= North German Confederation Treaty =

1866 treaty forming the North German Confederation

The North German Confederation Treaty (Augustverträge, "August Treaties", or Augustbündnis, "August Alliance "; also called the North German Federation Treaty and the Treaty of 18 August 1866) was the treaty between the Kingdom of Prussia and other northern and central German states that initially created the North German Confederation, which was the forerunner to the German Empire. This treaty, and others that followed in September and October, are often described as the August treaties, although not all of them were concluded in August 1866.

The treaties followed the Austro-Prussian War of Summer 1866, after which the German Confederation of 1815 was dissolved. The treaties established:
- a military alliance, and
- an agreement to transform the alliance into a nation state, based on the Prussian reform plan for the German Confederation

The German states involved arranged the election of a North German parliament in February 1867. The parliament on the one hand, and the governments on the other, agreed on a constitution for the North German Confederation on 1 July 1867. This Confederation, a federal state, was expanded in 1870–71 with the south German states and became the German Empire. The August treaty of 1866, therefore, can be seen as the first legal document that established the modern German nation state.

==Signing and contents==
The treaty was signed at Berlin on 18 August 1866, between the preliminary and the final peace treaty between Austria and Prussia, which formally ended the Austro-Prussian War. Initially, the treaty bound the parties into a military alliance and an agreement to negotiate the creation of a formal federation. The treaty specified that if no agreement on confederation had been reached by August 1867, the duty to negotiate would expire after one year.

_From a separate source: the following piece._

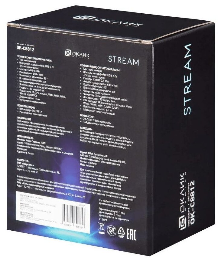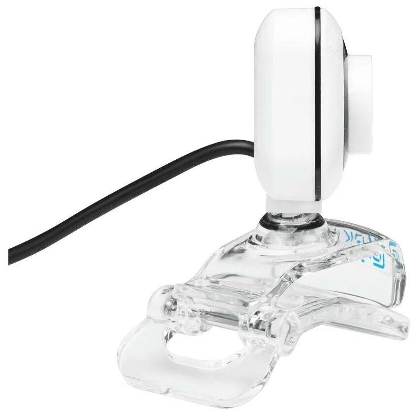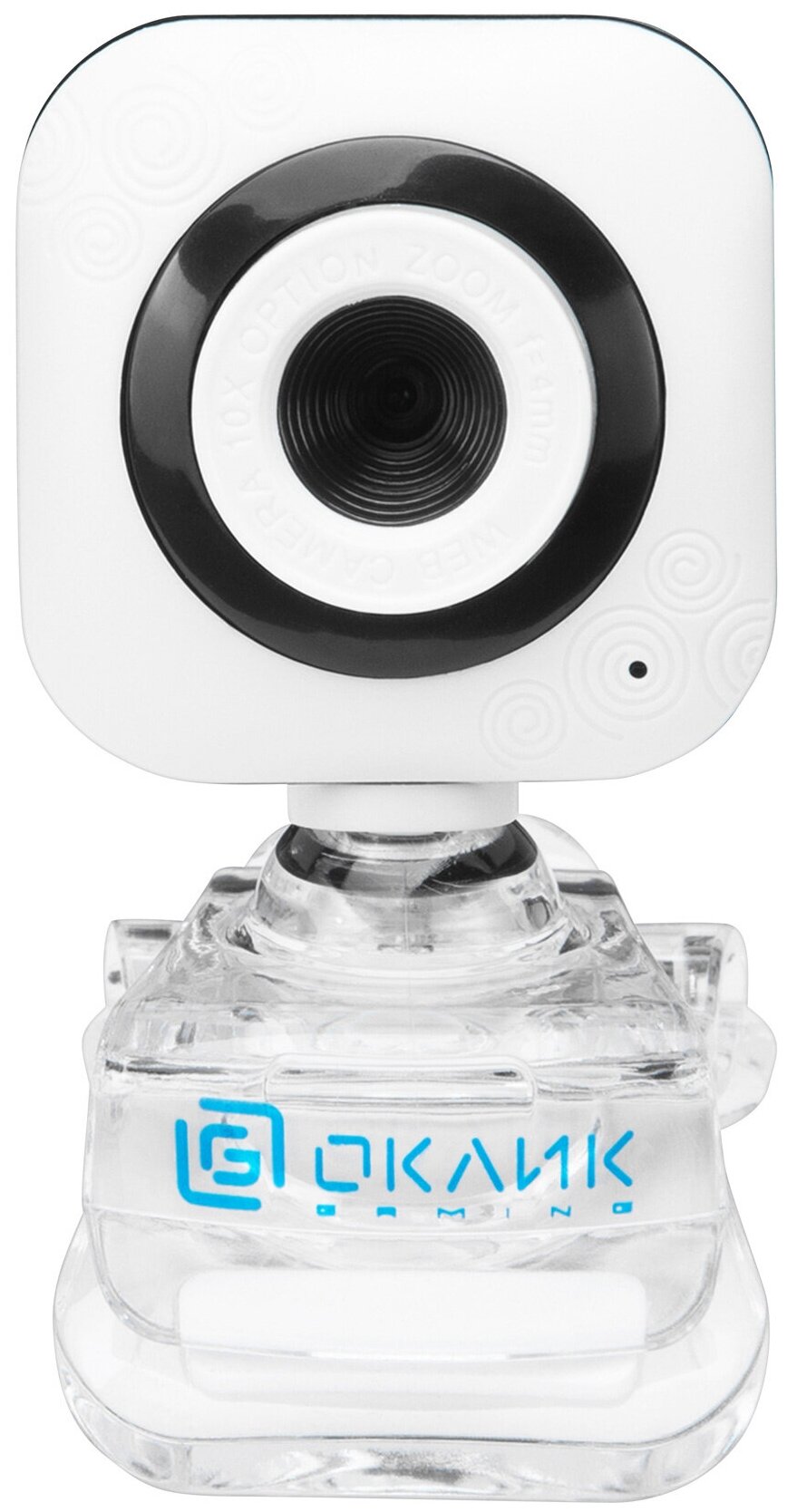 Веб-камера Oklick представлена в компактном белом корпусе с креплением для монитора и возможностью отдельной установки на столе. Благодаря микрофону передается качественный аудиосигнал. Проводной прибор подключается к ПК через несъемный кабель с разъемом USB 2.0. Устройство Oklick оснащено CMOS-матрицей на 0.3 Мп. Такие характеристики позволяют снимать видео с небольшим разрешением 640x480 dpi, чего вполне достаточно для удаленного общения. Также камера позволяет делать фото с разрешением 640x480 dpi.

The full name of the treaty, translated to English, is Treaty of Alliance between Anhalt, Bremen, Brunswick, Hamburg, Lippe, Lübeck, Oldenburg, Prussia, Reuss-Schleitz, Saxe-Altenburg, Saxe-Coburg-Gotha, the Grand Duchy of Saxony, Schaumburg-Lippe, Schwarzburg-Rudolstadt, Schwarzburg-Sondershausen, and Waldeck and Pyrmont, signed at Berlin on 18 August 1866.

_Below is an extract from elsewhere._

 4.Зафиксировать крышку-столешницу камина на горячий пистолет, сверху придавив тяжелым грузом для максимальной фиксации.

The leading Prussian politician was Otto von Bismarck, who had been chancellor since 1862. While the national liberals of Prussia urged him to force a national constitution on the smaller states of Northern and Central Germany, Bismarck had the intention to spare their feelings and to create the new state based on formal agreements. It was also a signal to the South German states, which Bismarck wanted to incorporate later. Bismarck drafted the constitution, which was changed by the allied governments and by the Reichstag, the North German parliament.

==Parties==
The Kingdom of Prussia was the dominant party to the treaty. The other parties to the treaty pledged their military forces under the command of the King of Prussia.

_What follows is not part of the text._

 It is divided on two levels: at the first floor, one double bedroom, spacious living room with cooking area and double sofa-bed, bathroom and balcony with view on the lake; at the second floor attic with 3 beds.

The following states signed the treaty on 18 August and submitted ratifications on 8 September 1866:

- Duchy of Anhalt
- Bremen
- Duchy of Brunswick
- Hamburg
- Principality of Lippe
- Free City of Lübeck
- Grand Duchy of Oldenburg
- Kingdom of Prussia
- Principality of Reuss-Gera
- Duchy of Saxe-Altenburg
- Saxe-Coburg and Gotha
- Saxe-Weimar-Eisenach
- Principality of Schaumburg-Lippe
- Schwarzburg-Rudolstadt
- Schwarzburg-Sondershausen
- Principality of Waldeck

The following states submitted ratifications or accessions to the agreement at dates later in 1866:

- Grand Duchy of Mecklenburg-Schwerin
- Grand Duchy of Mecklenburg-Strelitz
- Grand Duchy of Hesse (northern parts only)
- Principality of Reuss-Greiz
- Duchy of Saxe-Meiningen
- Kingdom of Saxony

The Duchy of Lauenburg was not formally a member of the treaty, but it was implicated in the agreement because its duke was, from 1865, the Prussian king.

At the same time, the original East Prussian cradle of the Prussian statehood as well as the Prussian-held Polish- or Kashubian-speaking territories of Province of Posen, West Prussia, the Lauenburg and Bütow Land and Draheim were formally annexed into Germany.